(DATASET CONTENT Opens)
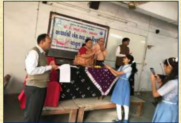
સ્વ. પ્રિ. એસ. આર. ભટ્ટ વક્તૃત્વ સ્પર્ધા
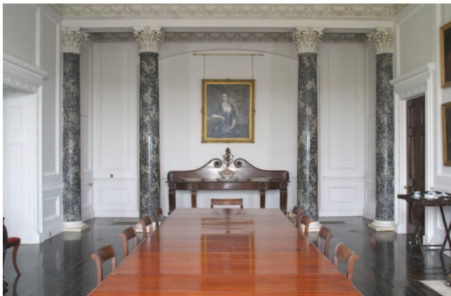
Fíor 1.31 An seomra bia, Teach Fóite, Co. Chorcaí

chomh maith sa mhéid is go bhféadfadh sé a bheith deacair ag an bpobal a mbealach a dhéanamh timpeall. Bíonn cuid acu beag nó róchúng agus bíonn sé deacair teacht ar chuid acu. Cuireadh ardaitheoir isteach i dTeach Fóite le déanaí ionas go mbeidh sé níos fusa ag gach cuairteoir, agus go háirithe ag daoine i gcathaoir rothaí, dul isteach sa teach.
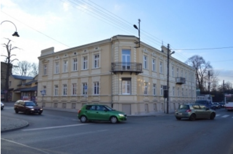
ul. Wojska Polskiego 64
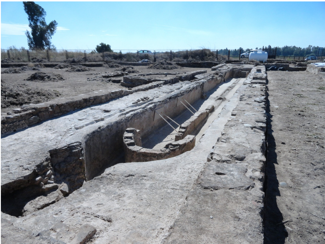
Fig. 15: Vista de los trabajos de restauración de las estructuras de la fuente monumental.
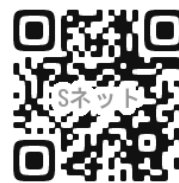
Sネットのホームページへ
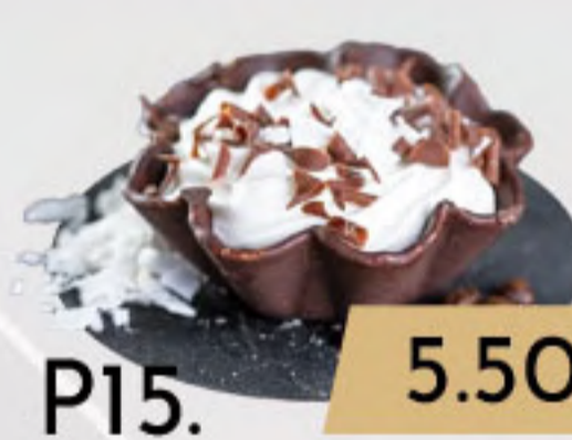
PO15. 5.50€ COCO-LOCO (CAFÉ Y COCO)
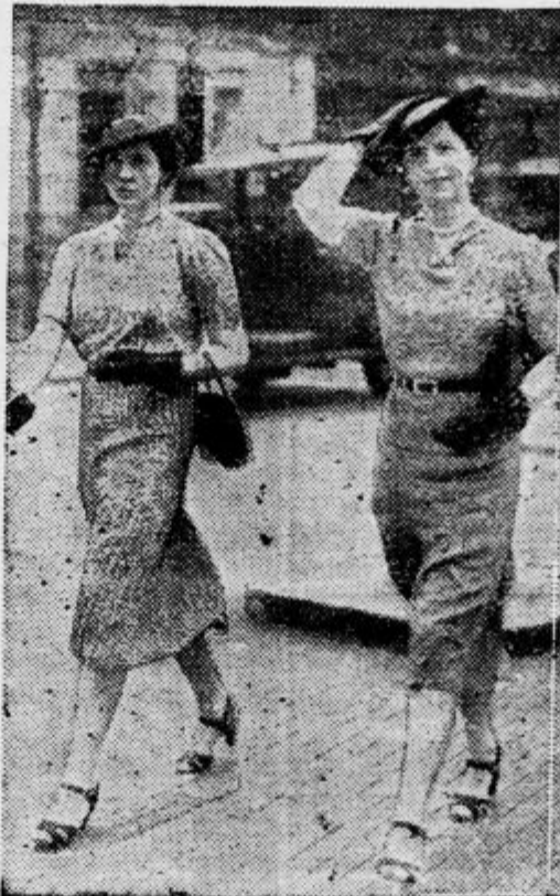
Princesa Helena, prejšnja soproga rumunskega kralja Karola (na desni) in njena sestra Irena sta pred dnevi prispeli v London, baje zaradi pogajanj za spravo z odposlancem kralja Karola v Londonu
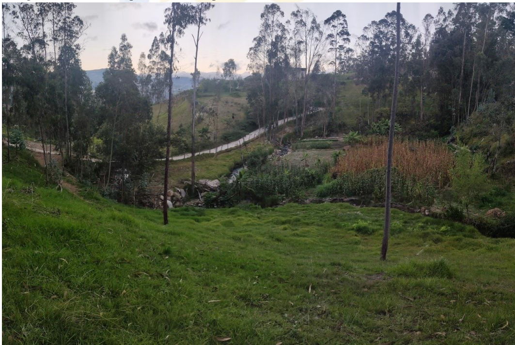
Fotografía No. 02. Depresiones en el terreno de la PTAR No. 01
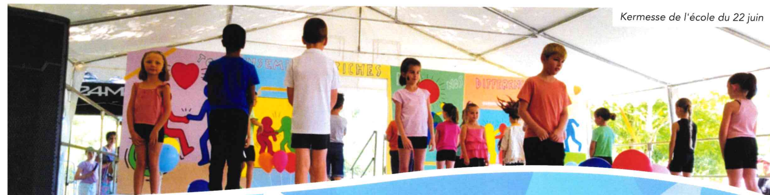
Kermesse de l'école du 22 juin
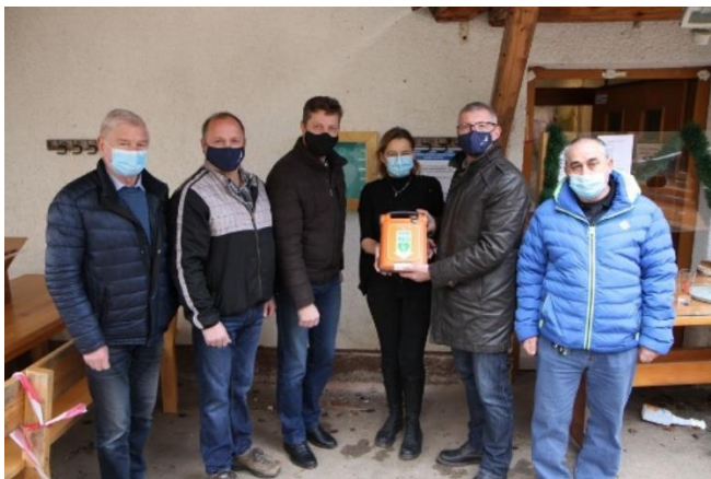
Slika 2: Predaja defibrilatorja v uporabo Planinskemu domu na Gori Oljki
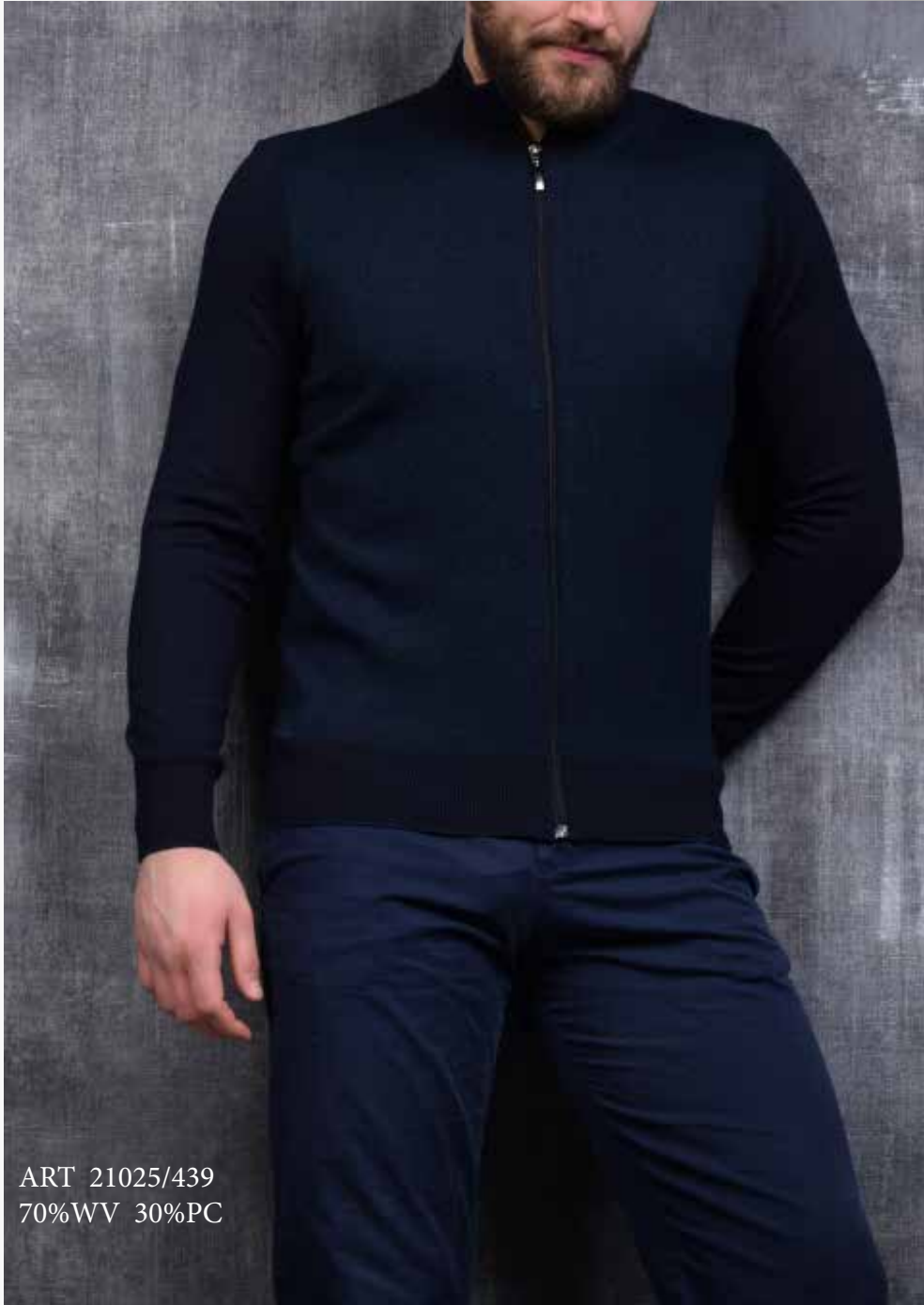
ART 21025/439 70%WV 30%PC
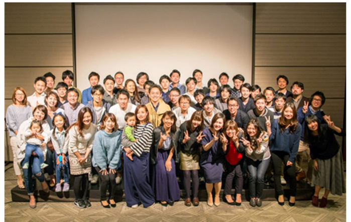
▲アトラエは役職を廃した組織運営でも注目されている
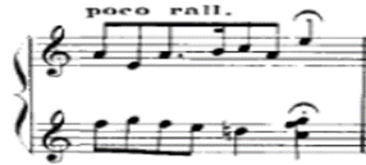
شكل رقم ( ٧ ) يوضح نهاية الحركة الأولى للصوناتين رقم (١)

٧. الإلتزام بأسلوب أداء علامة الاطالة أداء العلامة الدالة على الاطالة الغير محددة بزمن ( ) ومراعاة الدقة فى تنفيذ التلوين الصوتى والإبطاء التدريجى المشار إليه فى نهاية الحركة الأولى بالشكل التالى رقم (٧)
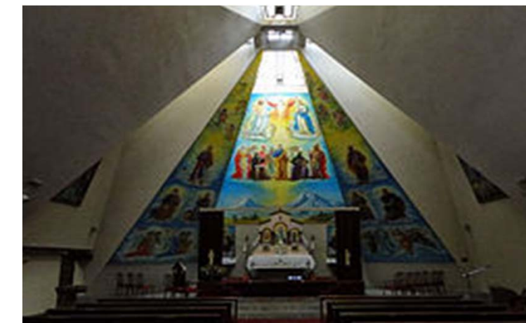
Iglesia Católica Armenia en Buenos Aires
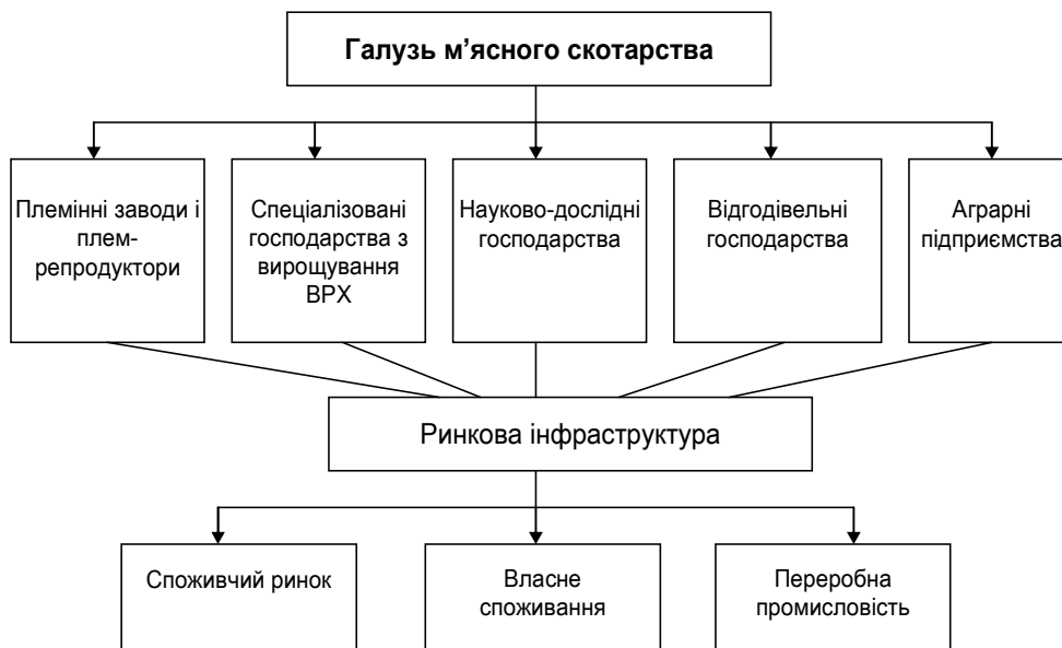
Рис. 3. Структура галузі м'ясного скотарства України*

Узагальнена схема організаційної структури галузі м'ясного скотарства представлена на рис. 3.
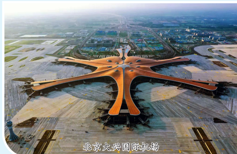
北京大兴国际机场
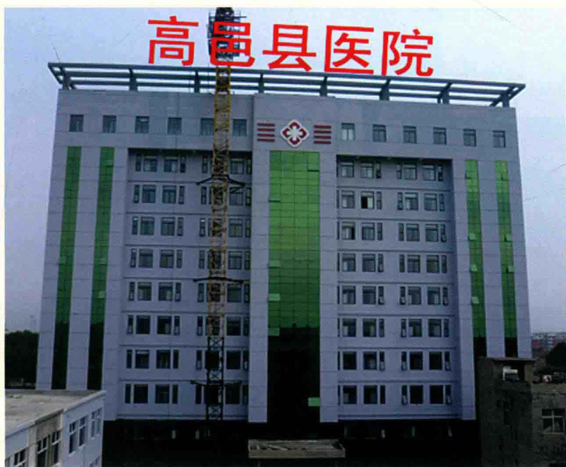
高邑县医院在建12层病房楼
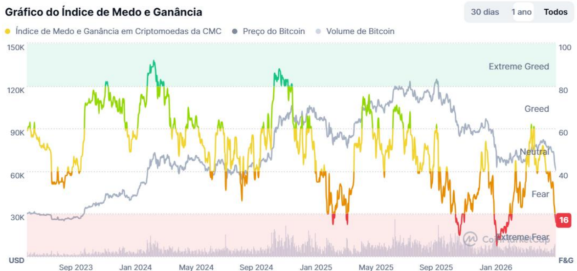
Gráfico do Índice de Medo e Ganância

Imagem: índice de medo e ganância que mede o nível de sentimento do mercado.
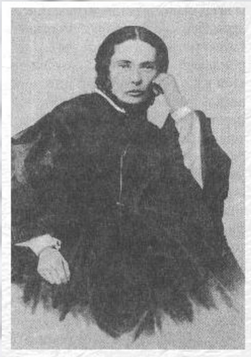
М.Д. Исаева, первая жена Ф.М. Достоевского.
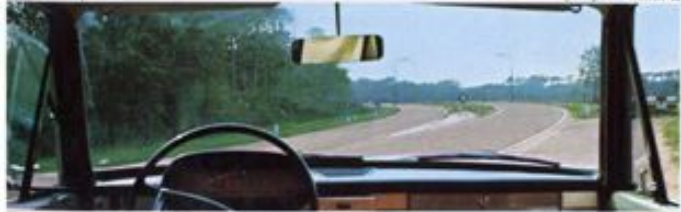
▼ vue panoramique
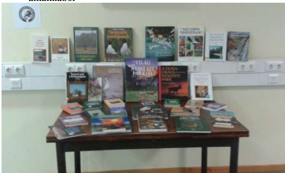
Könyvkiállítás az európai Nemzetiparkok
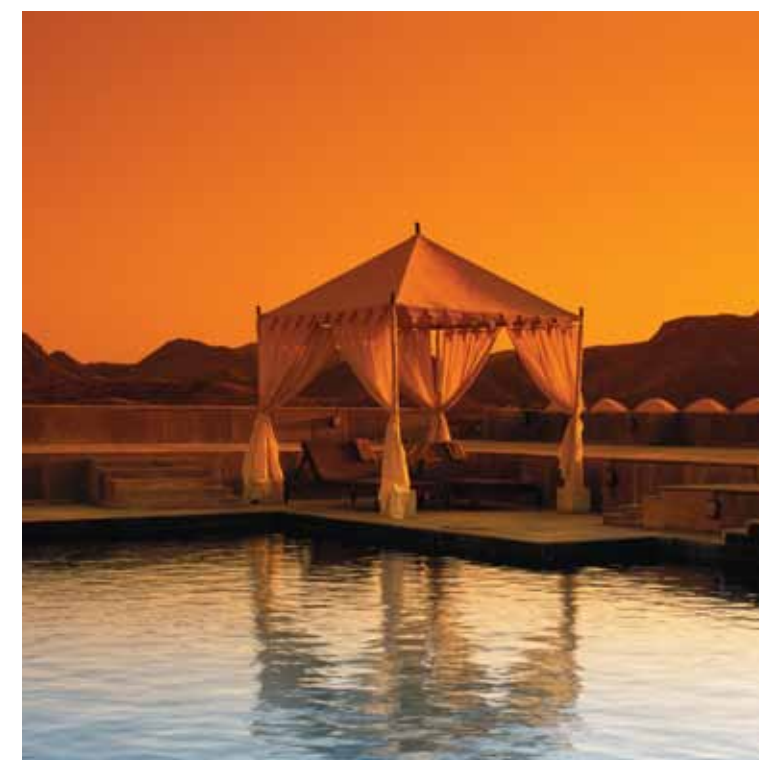
Traitements spa près de la piscine

Das einwöchige Wohlfühl-Paket „Safar“, das Sie von morgens bis abends mit ausgewählten Mahlzeiten und Aktivitäten anleitet, stellt ein umfassendes Entgiftungsprogramm dar. Um Ihre Energien zu erneuern und zu innerem Frieden zu gelangen, bedarf es einer Umgebung vollkommener Harmonie. Erleben Sie Yoga (Kontrolle über Körper, Atmung und Geist) und Dhyana (Meditation) bei Sonnenaufgang auf den Wällen des Palast. Genießen Sie Aromabäder ganz privat in Ihrem Zimmer.
(DATASET CONTENT Closes)
_WORK REQUIRED_
Working from the records above, set down word for word everything from the line containing "ART 21025/439 70%WV 30%PC" down to the line containing "Рис. 3. Структура", ends included, minus the pictures.

_TASK SOLUTION_
ART 21025/439 70%WV 30%PC
▲アトラエは役職を廃した組織運営でも注目されている
شكل رقم ( ٧ ) يوضح نهاية الحركة الأولى للصوناتين رقم (١)

٧. الإلتزام بأسلوب أداء علامة الاطالة أداء العلامة الدالة على الاطالة الغير محددة بزمن ( ) ومراعاة الدقة فى تنفيذ التلوين الصوتى والإبطاء التدريجى المشار إليه فى نهاية الحركة الأولى بالشكل التالى رقم (٧)
Iglesia Católica Armenia en Buenos Aires
Рис. 3. Структура галузі м'ясного скотарства України*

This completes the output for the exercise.